Die Nachricht vom Tod seines Schwagers, zu dem er immer aufgeschaut hat, ereilt Carlos Sastre im Trainingslager seines neuen Rennstalls, dem dänischen Team CSC von Bjarne Riis. Sastre ist am Boden zerstört, frustriert und tief deprimiert. Am Tag darauf klettert Sastre in der Trainingsvorbereitung für das Bergzeitfahren der Tour de France 2004 mühsam die 21 Kehren von Alpe d’Huez hinauf, begleitet von den quälenden Gedanken an seinen »großen Bruder«, den Bergkönig José Maria Jimenez.
Bjarne Riis hat es in dieser Zeit schwer, Carlos Sastre zum Weitermachen zu motivieren. Er will ihn nicht drängen, weiß aber um die brillianten Möglichkeiten des kleinen Kletterers. Später gibt er zu, große Angst um die weitere Karriere des begabten Fahrers gehabt zu haben.

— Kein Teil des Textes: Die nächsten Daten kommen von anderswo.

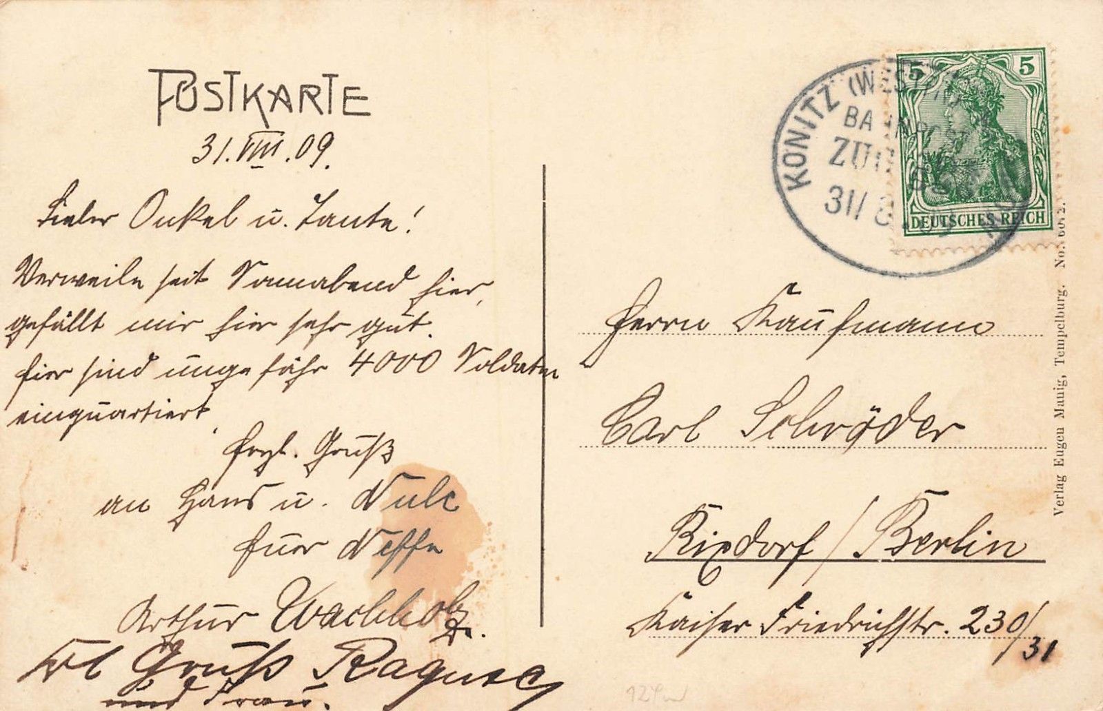 Rückseite: gelaufen 1909

Carlos Sastre hat einen Traum! Er, der nach der Suspendierung von Ivan Basso der Kapitän bei CSC ist, liegt derzeit auf dem 6. Gesamtrang der Tour de France und kann sich morgen nun endgültig ein Stück seines Traums zurückholen. Denn es geht in die 13,8 km lange Steigung, die sich Sastre schon einen Tag nach dem schmerzhaften Tod seines Freundes hinauf gequält hat, den legendären Schluss-Anstieg von Alpe d’Huez. Und eines ist sicher – im Sturm auf den Gipfel wird Carlos Sastre seinen Freund José Maria Jimenez im Herzen tragen.